# Toronto Math Forum

## APM346-2015F => APM346--Lectures => Web Bonus = Oct => Topic started by: Victor Ivrii on October 04, 2015, 05:51:09 AM

Title: Web bonus problem : Week 4 (#2)
Post by: Victor Ivrii on October 04, 2015, 05:51:09 AM
Problem 1 http://www.math.toronto.edu/courses/apm346h1/20159/PDE-textbook/Chapter2/S2.7.P.html#problem-2.7.P.1 (http://www.math.toronto.edu/courses/apm346h1/20159/PDE-textbook/Chapter2/S2.7.P.html#problem-2.7.P.1)
Title: Re: Web bonus problem : Week 4 (#2)
Post by: Zaihao Zhou on October 21, 2015, 09:38:54 PM
To prove energy conservation law, we need to show $\partial E(t)/ \partial t = 0$
$$\frac{\partial E(t)}{\partial t} = \frac{1}{2} \int_0^\infty (2u_tu_{tt} +2c^2u_xu_{xt}+f(u)u_t) dx$$
$$\frac{\partial E(t)}{\partial t} = \frac{1}{2} \int_0^\infty (2u_t(u_{tt}+f(u)) +2c^2u_xu_{xt}) dx$$
$$\frac{\partial E(t)}{\partial t} = \frac{1}{2} \int_0^\infty (2c^2u_tu_{xx} +2c^2u_xu_{xt}) dx$$
$$\frac{\partial E(t)}{\partial t} = c^2 \int_0^\infty \partial_x(u_tu_x) dx$$
$$\frac{\partial E(t)}{\partial t} = c^2 ( u_tu_x|_{x=\infty} - u_tu_x|_{x=0} )$$

For Dirichlet condition, $u|_{x=0} = 0 \Rightarrow$  u_x|_{x=0} = 0 $u_t|_{x=0} = 0$.  Incorrect! You meant not $u_x$ but ?
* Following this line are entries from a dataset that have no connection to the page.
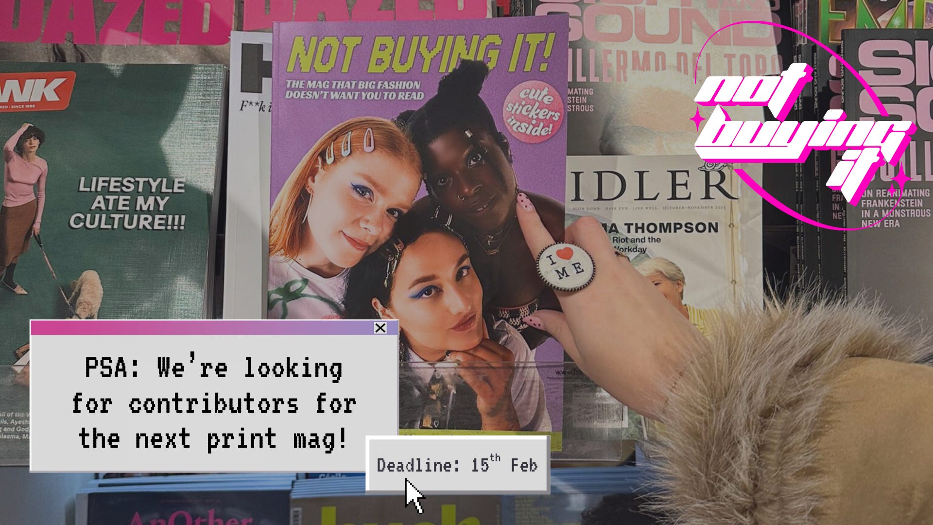 1) Pitch your idea: We’re looking for original writing, illustrations, collages, teen mag-style games and quizzes, photography, fashion designs and interviews that respond to the theme. To pitch, send us a short bio and 1-2 paras outlining your idea to mag@not-buying-it.co.uk.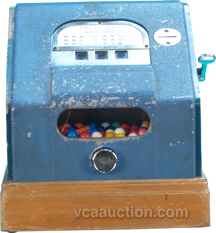 Coin-Op Countertop Mills "Fruit King" 3-Reel Gumball Trade Stimulator, all original w/ keys
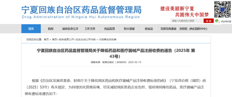 2月19日,寧夏回族自治區(qū)藥監(jiān)局發(fā)布《關(guān)于降低藥品和醫(yī)療器械產(chǎn)品注冊收費(fèi)的通告(2025年 第43號)》,大幅降低藥品和醫(yī)療器械產(chǎn)品注冊收費(fèi)標(biāo)準(zhǔn)。具體內(nèi)容如下: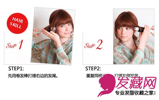 STEP1:先用卷发棒打理右侧的发尾,让垂下来的发丝更显妩媚女人味。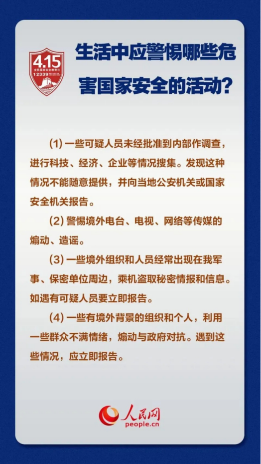2023年4月15日是我国第八个全民国家安全教育日。国家安全不仅关乎国家利益,也关乎每个公民的切身福祉。自觉关心、维护国家安全,是每个公民的基本义务,国家安全的真正实现有赖于人人参与、人人可为。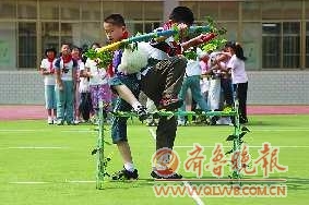同时,舜耕小学把学校的校本课程———舜文化与体育结合起来,形成了独具特色的舜康体育活动。这是一种充满童趣的情境化文化体育活动,其中的“毛毛虫竞速”源自舜时期骑兽农耕的传说,“大河飞渡”拟意上古游泳场景,还有“春之播种”、“我是狩猎小能手”、“丰收乐”等充满浓郁舜文化特色、趣味盎然的健身活动。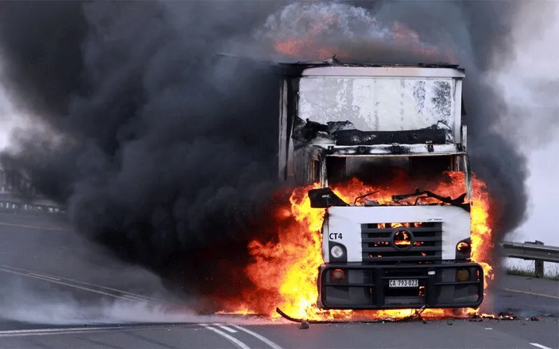 “As South Africans, we cannot possibly tolerate the mindless and bloody lawlessness with which the road freight industry is being targeted,” President Ramaphosa said, and added, “We cannot tolerate this loss of life and destruction of property.”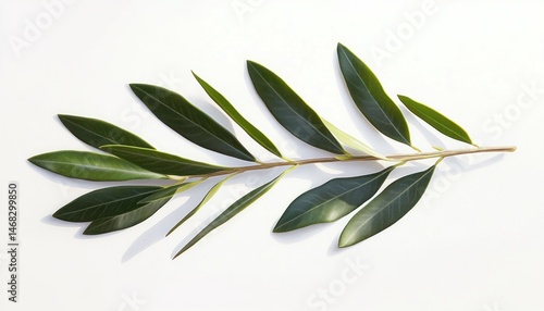 Single olive branch with elongated dark green leaves casting soft shadows on white background symbolizing simplicity and natural beauty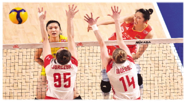 当日,在世界女排联赛中国香港站比赛中,中国队3比0战胜波兰队,取得四连胜。新华社记者卢炳辉 摄

We also know $u$ vanishes at $\infty$, thus $\partial E(t) / \partial t = 0$
For Newmann condition, $u_x|_{x=0} = 0$. We also know $u$ vanishes at $\infty$, thus $\partial E(t) / \partial t = 0$

Sorry don't know how to strike through an equation.
Title: Re: Web bonus problem : Week 4 (#2)
Post by: Emily Deibert on October 22, 2015, 11:44:33 AM
I believe it should perhaps be $u_t|_{x=0}=0$ for the last part.